Elle arrive toujours avant moi, matière invisible, enroulée sur elle-même.
Elle vient des coins du gouffre. Il y a des portes ouvertes, je ne le savais pas.
Et elle se glisse ; réveillée depuis bien trop longtemps. Et lorsqu’elle bute
sur la pointe de ma langue, ou celle de mon stylo, à coups de mâchoires,
à coups de mots, à coups de hachoirs, ne pourrais-je pas plutôt m’y accrocher ?
L’attraper, l’empêcher de sortir. Ne pourrait-t-on pas retourner d’où elle vient,
rebrousser chemin ? Et je la suivrais dans la brume, flottant, dans un paysage de songes.
L’espace là-bas, n’est-il pas plus vaste ? un gouffre immense, un univers.
Et je m’y accrocherais, comme à une main, un voile fantomatique.
Au pays de mes peurs, à la source des possibles.
Et je suis là, sur la crête de ce cratère bouillant, depuis bien trop longtemps.
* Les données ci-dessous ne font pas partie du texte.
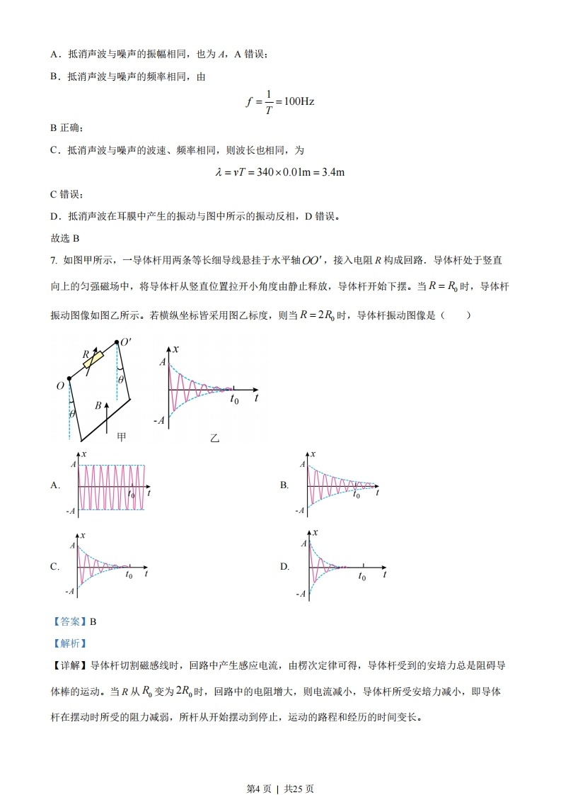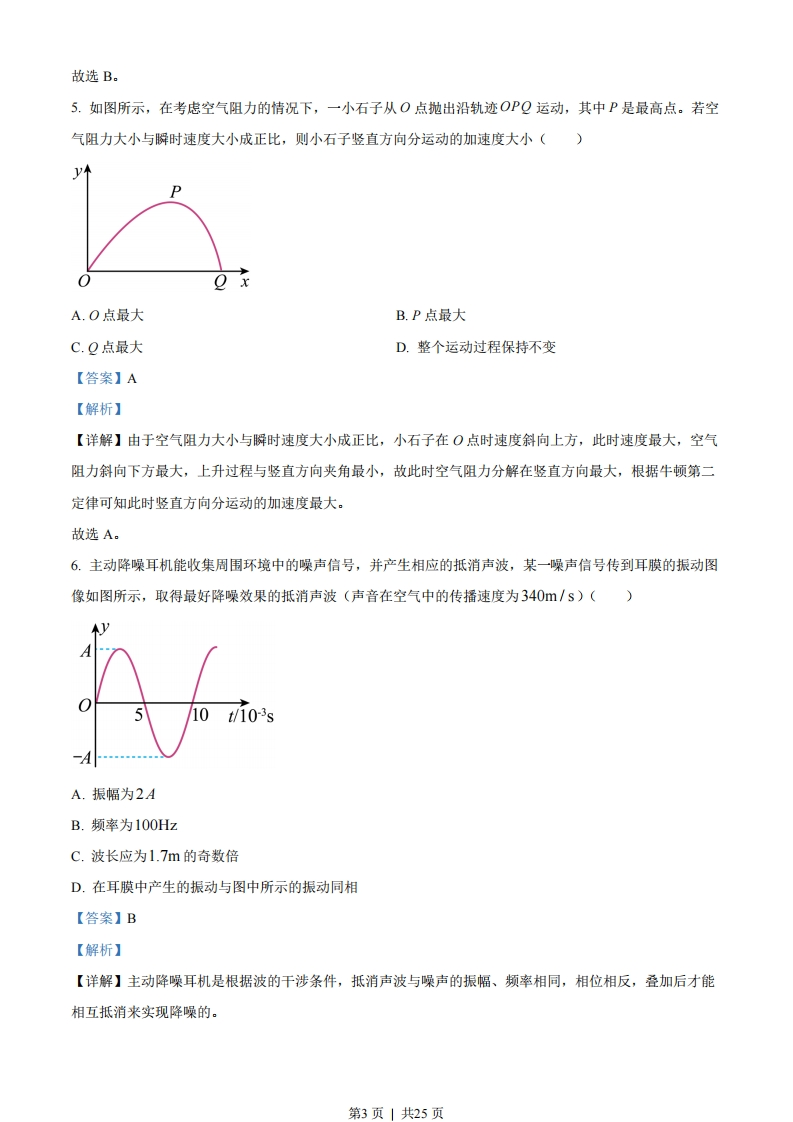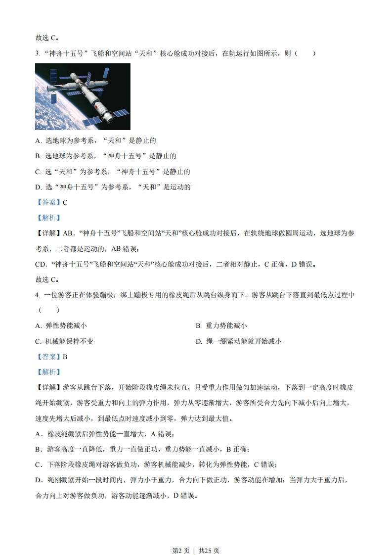 2023年1月浙江省普通高校招生选考科目考试物理试题选择题部分一、选择题I(本题共3小题,每小题3分,共39分.每小题列出的四个备选项中只有一个是符合题目要求的,不选、多选、错选均不得分)1.下列属于国际单位制中基本单位符号的是()A.JB.KC.WD.Wb【答案】B【解析】【详解】国际单位制中的七个基本单位是千克、米、秒、安培、开尔文、坎德拉、摩尔,符号分别是kg、m、s、A、K、cd、mol,其余单位都属于导出单位。故选B。2.如图所示,轻质网兜兜住重力为G的足球,用轻绳挂于光滑竖直墙壁上的A点,轻绳的拉力为F,墙壁对足球的支持力为F,则()轻绳A.FGD.F=G【答案】C【解析】【详解】对网兜和足球受力分析,设轻绳与竖直墙面夹角为0,由平衡条件F=-FNFN=Gtanθcosa sine可知FT>G,FT>F第1页」共25页故选C。3.“神舟十五号”飞船和空间站“天和”核心舱成功对接后,在轨运行如图所示,则()A.选地球为参考系,“天和”是静止的B.选地球为参考系,“神舟十五号”是静止的C.选“天和”为参考系,“神舟十五号”是静止的D.选“神舟十五号”为参考系,“天和”是运动的【答案】C【解析】【详解】AB.“神舟十五号”飞船和空间站“天和”核心舱成功对接后,在轨绕地球做圆周运动,选地球为参考系,二者都是运动的,AB错误:CD.“神舟十五号”飞船和空间站“天和”核心舱成功对接后,二者相对静止,C正确,D错误。故选C。4.一位游客正在体验蹦极,绑上蹦极专用的橡皮绳后从跳台纵身而下。游客从跳台下落直到最低点过程中()A.弹性势能减小B.重力势能减小C.机械能保持不变D.绳一绸紧动能就开始减小【答案】B【解析】【详解】游客从跳台下落,开始阶段橡皮绳未拉直,只受重力作用做匀加速运动,下落到一定高度时橡皮绳开始绷紧,游客受重力和向上的弹力作用,弹力从零逐渐增大,游客所受合力先向下减小后向上增大,速度先增大后减小,到最低点时速度减小到零,弹力达到最大值。A.橡皮绳绷紧后弹性势能一直增大,A错误:B.游客高度一直降低,重力一直做正功,重力势能一直减小,B正确:C.下落阶段橡皮绳对游客做负功,游客机械能减少,转化为弹性势能,C错误:D.绳刚绷紧开始一段时间内,弹力小于重力,合力向下做正功,游客动能在增加:当弹力大于重力后,合力向上对游客做负功,游客动能逐渐减小,D错误。第2页1共25页故选B。5.如图所示,在考虑空气阻力的情况下,一小石子从O点抛出沿轨迹OPQ运动,其中P是最高点。若空气阻力大小与瞬时速度大小成正比,则小石子竖直方向分运动的加速度大小()A.O点最大B.P点最大C.Q点最大D.整个运动过程保持不变【答案】A【解析】【详解】由于空气阻力大小与瞬时速度大小成正比,小石子在O点时速度斜向上方,此时速度最大,空气阻力斜向下方最大,上升过程与竖直方向夹角最小,故此时空气阻力分解在竖直方向最大,根据牛顿第二定律可知此时竖直方向分运动的加速度最大。故选A。6.主动降噪耳机能收集周围环境中的噪声信号,并产生相应的抵消声波,某一噪声信号传到耳膜的振动图像如图所示,取得最好降噪效果的抵消声波(声音在空气中的传播速度为340m/s)()10t/10-3sAA.振幅为2AB.频率为100HzC.波长应为1.7m的奇数倍D.在耳膜中产生的振动与图中所示的振动同相【答案】B【解析】【详解】主动降噪耳机是根据波的干涉条件,抵消声波与噪声的振幅、频率相同,相位相反,叠加后才能相互抵消来实现降噪的。第3页」共25页

Condamné au tour.
C’est vous qui m’aviez dit que je me brulerai quand j’ai voulu descendre. Vous m’avez forcé
à remonter. Et toujours, vous finissiez par avoir raison de moi.
Nique-toi, avec ta peur du vide, avec tes doutes ; avec ta réalité toute pétée, ton vieux prisme étriqué.
Laisse moi faire des demis-tour avec mes œils.